As with every leela, not only one enjoys the beauty of the
Lord’s play to inculcate Bhakti, but slowly  shifts his mind to see the absolute truth
indicated by the leela.  Hence these
leelas are not only enjoyed by a devotee in terms of stories, but used by
Vedantic students to contemplate on the implied meaning of the leelas. Krishna
is a jagat guru or Universal Teacher – teaching in every way possible to
various types of students whose mental frames are different. No doctor
prescribes the same medicine to all his patients, without knowing their
symptoms. The teaching that one extracts from these leelas depends on the
mental state of a devotee, recognizing Krishna’s statement in Geeta that says-
of all the devotees jnaani is the supreme. 
One simple description of the sloka is it describes the
process of meditation. Here– each Gopi stands for a thought. In the japa yoga,
we take the name of the Lord – for example – Om! Maadhavaaya namaH! As the
above sloka indicates that Maadhava here denotes KrishNa – one meaning being He
is the husband of maa or Lakshmi. Lakshmi stands for PrakRiti – the whole
universe with all its attributes which Krishna calls it as my aparaa prakRiti
in Ch. 7 of Geeta. He, as paraa prakRiti, supports this entire universe
–dhaaryate jagat as dhava or as husband. In the meditation in the naama jaapa
of each thought is dedicated to the Lord, who is also a supporter of the
thought too. Thus every thought is holding on to the Lord - anganaa manganaa
mantare maadhava . During japa yoga when we chant the name of the Lord there is
a silence between the thoughts. Thought – silence- thought. Each thought is
dedicated to the Lord and  the silence
where there is no thought – only Lord is there.   Initially the attention is on the thought
and slowly paying more attention to the absence of the thought where Lord alone
is there.  Initially there is more
attention on Gopi than on Krishna – hence the emphasis is on Gopi in the first
line of sloka. As the meditator paying more and more attention to the Lord who
is supporting the thought the attention shifts to maadhavam maadhavam antare
anganaa – between Krishna and Krishna there is a Gopi. Even though the scene
has not really changed the because of the maturity of the meditator, he is
fully shifting his attention to the consciousness that illumines as well as
pervades each thought. Meditation is not the absence of thoughts but paying
more and more attention of the mind to that light of consciousness that is
reflected by each thought. This happens slowly by abhyaasa or practice and by
vairagya, by giving up the importance given to each Gopi or thought.

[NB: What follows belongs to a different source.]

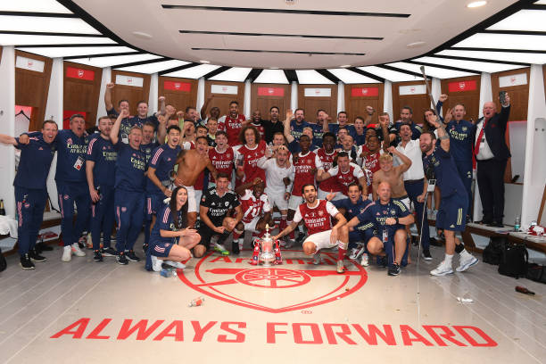 LONDON, ENGLAND – AUGUST 01: The Arsenal players and staff celebrate after the FA Cup Final match between Arsenal and Chelsea at Wembley Stadium on August 01, 2020 in London, England. Football Stadiums around Europe remain empty due to the Coronavirus Pandemic as Government social distancing laws prohibit fans inside venues resulting in all fixtures being played behind closed doors. (Photo by Stuart MacFarlane/Arsenal FC via Getty Images)

As one matures in the meditation, mind paying attention to
the Lord becomes natural and spontaneous. He is a jnaani. For him, Krishna or
pure consciousness is unattached to any Gopi or thought. While all the Gopies
or thoughts are dancing around as one transacts in the realm of objects with
the world of thoughts as going around in circle, the inner attention of the
mind is only on Krishna who is the center of the whole universe of thoughts and
the associated objects. The divine music will come. The one who sees Me
everywhere and everything in Me, he is never away from Me nor I am from him –
yo maam pasyati sarvatra, sarvancha mayi pasyati| tasyaaham na praNasyaami sa
chame na praNasyati||. Thus the sloka provides progression of a seeker in
meditation. This is the essence of raasa leela.

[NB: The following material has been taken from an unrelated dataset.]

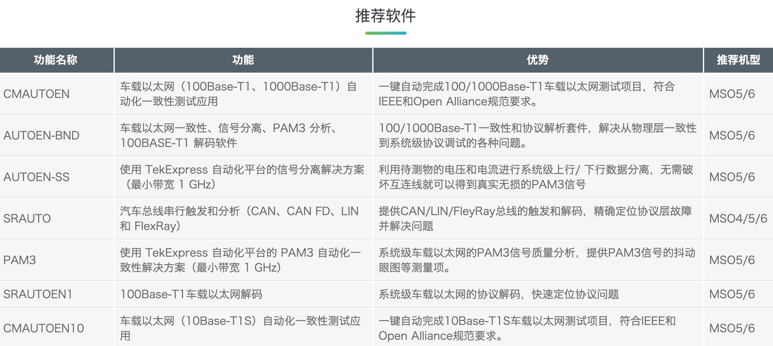 软件,支持各种复杂、高噪声环境下的车载以太网

Now we extract some more meaning in terms of the meditation
process from the whole scene provided. Raasa leela is going on a full-moon
night.   Full moon is a luminous object
in the sky, but all that luminosity is only due to the reflection of the all-pervading
sun light. Hence by reflection process it becomes a luminous body illumining
other objects on the earth including the raasa leela– but that light of
illumination does not belong to the moon but to the Sun only. From the Sun’s
point, he is there as just self-shining, self-existing entity in all his glory,
and not doing anything, including the illumination of any object in the sky. He
is by himself as for as he is concerned, but yet objects are attracted to the
Sun. They circle around the Sun and also get illuminated by the Sun. In the
process they become luminous objects and illumine other objects too to a
limited extent. Sun, in principle, is not accountable or responsible for the luminosity
of the objects that reflect his light. The luminosity of the reflecting medium
depends not on the Sun but on the reflecting capacity of the medium. The
reflected Sun light from the moon can get further reflected by the objects on a
full-moon night. In that full-moon night we can see objects as they reflect the
moon-light falling on them. Thus the perception of an object during the
full-moon night involves, Sun light falling on the moon, getting reflected by
the moon, which is further reflected by the objects on the earth for us to see.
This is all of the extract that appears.